Merge pull request #3737 from AI-Hypercomputer:bvandermoon-uxr

Google-ML-Automation · Google-ML-Automation · commit b117f50cf048 · 2026-04-23T17:39:36.000-07:00
PiperOrigin-RevId: 904719578
diff --git a/docs/tutorials/first_run.md b/docs/tutorials/first_run.md
@@ -36,7 +36,7 @@ Local development is a convenient way to run MaxText on a single host. It doesn'
 multiple hosts but is a good way to learn about MaxText.
 
 1. [Create and SSH to the single host VM of your choice](https://cloud.google.com/tpu/docs/managing-tpus-tpu-vm). You can use any available single host TPU, such as `v5litepod-8`, `v5p-8`, or `v4-8`.
-2. For instructions on installing MaxText on your VM, please refer to the [official documentation](https://maxtext.readthedocs.io/en/latest/install_maxtext.html).
+2. For instructions on installing MaxText on your VM, please refer to the [official documentation](https://maxtext.readthedocs.io/en/latest/install_maxtext.html). For this tutorial on TPUs, install `maxtext[tpu]`.

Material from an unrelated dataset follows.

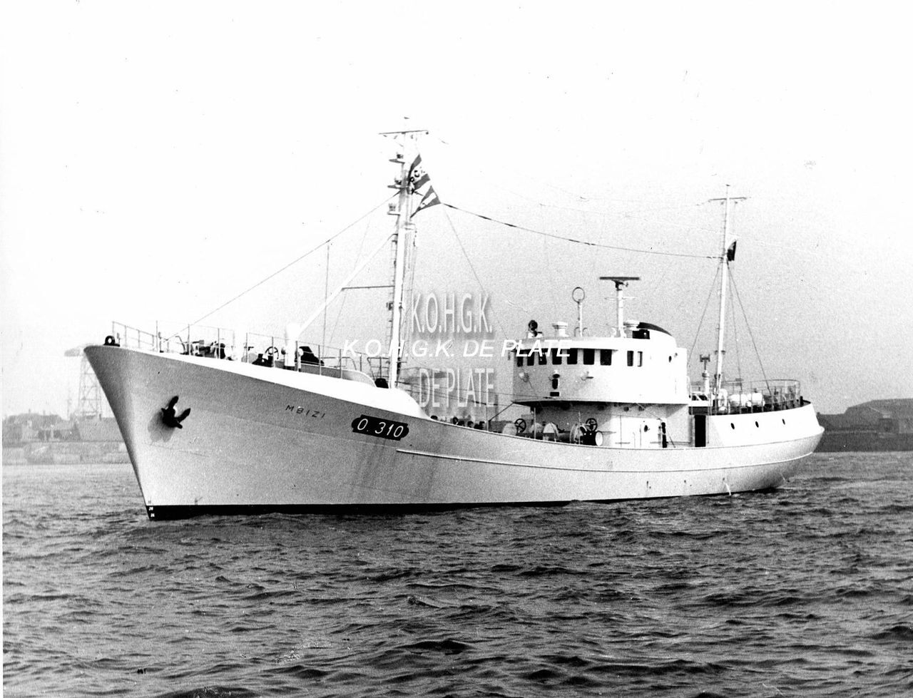 Map 2009/0855-3. - Op de stuurhut is het toestel met cirkel, de draaibare radiopeiler of goniometer. Toestel om de roepletters op te nemen van een radiobaken dat zich bij een lichtschip of bij de haven bevindt.

 3. After installation completes, run training on synthetic data with the following command:
 
 ```sh
@@ -70,7 +70,7 @@ You can use [demo_decoding.ipynb](https://github.com/AI-Hypercomputer/maxtext/bl
 
 ### Run MaxText on NVIDIA GPUs
 
-1. For instructions on installing MaxText on your VM, please refer to the [official documentation](https://maxtext.readthedocs.io/en/latest/install_maxtext.html).
+1. For instructions on installing MaxText on your VM, please refer to the [official documentation](https://maxtext.readthedocs.io/en/latest/install_maxtext.html). For this tutorial on GPUs, install `maxtext[cuda12]`.
 2. After installation is complete, run training with the following command on synthetic data:
 
 ```sh
diff --git a/docs/tutorials/inference.md b/docs/tutorials/inference.md
@@ -25,7 +25,7 @@ We support inference of MaxText models on vLLM via an [out-of-tree](https://gith
 
 # Installation
 
-Follow the instructions in [install maxtext](https://maxtext.readthedocs.io/en/latest/install_maxtext.html) to install MaxText with post-training dependencies. We recommend installing from PyPI to ensure you have the latest stable versionset of dependencies.
+Follow the instructions in [install maxtext](https://maxtext.readthedocs.io/en/latest/install_maxtext.html) to install MaxText. For this inference tutorial on TPU (which uses vLLM), you must install `maxtext[tpu-post-train]`, as it includes the required adapter plugin. We recommend installing from PyPI to ensure you have the latest stable version of dependencies.
 
 After finishing the installation, ensure that the MaxText on vLLM adapter plugin has been installed. To do so, run the following command:
 
diff --git a/docs/tutorials/post_training_index.md b/docs/tutorials/post_training_index.md
@@ -1,5 +1,9 @@
 # Post-training
 
+```{note}
+Post-training workflows on TPU require specific dependencies. Please ensure you have installed MaxText with `maxtext[tpu-post-train]` as described in the [official documentation](https://maxtext.readthedocs.io/en/latest/install_maxtext.html).
+```
+
 ## What is MaxText post-training?
 
 MaxText provides performance and scalable LLM and VLM post-training, across a variety of techniques like SFT and GRPO.
diff --git a/docs/tutorials/pretraining.md b/docs/tutorials/pretraining.md
@@ -20,6 +20,10 @@
 
 In this tutorial, we introduce how to run pretraining with real datasets. While synthetic data is commonly used for benchmarking, we rely on real datasets to obtain meaningful weights. Currently, MaxText supports three dataset input pipelines: HuggingFace, Grain, and TensorFlow Datasets (TFDS). We will walk you through: setting up dataset, modifying the [dataset configs](https://github.com/AI-Hypercomputer/maxtext/blob/f11f5507c987fdb57272c090ebd2cbdbbadbd36c/src/maxtext/configs/base.yml#L631-L675) and [tokenizer configs](https://github.com/AI-Hypercomputer/maxtext/blob/f11f5507c987fdb57272c090ebd2cbdbbadbd36c/src/maxtext/configs/base.yml#L566) for training, and optionally enabling evaluation.
 
+```{note}
+Before starting this tutorial, ensure you have installed MaxText following the [official documentation](https://maxtext.readthedocs.io/en/latest/install_maxtext.html). For pre-training, install `maxtext[tpu]` for TPUs or `maxtext[cuda12]` for GPUs.
+```
+
 To start with, we focus on HuggingFace datasets for convenience.
 
 - Later on, we will give brief examples for Grain and TFDS. For a comprehensive guide, see the [Data Input Pipeline](../guides/data_input_pipeline.md) topic.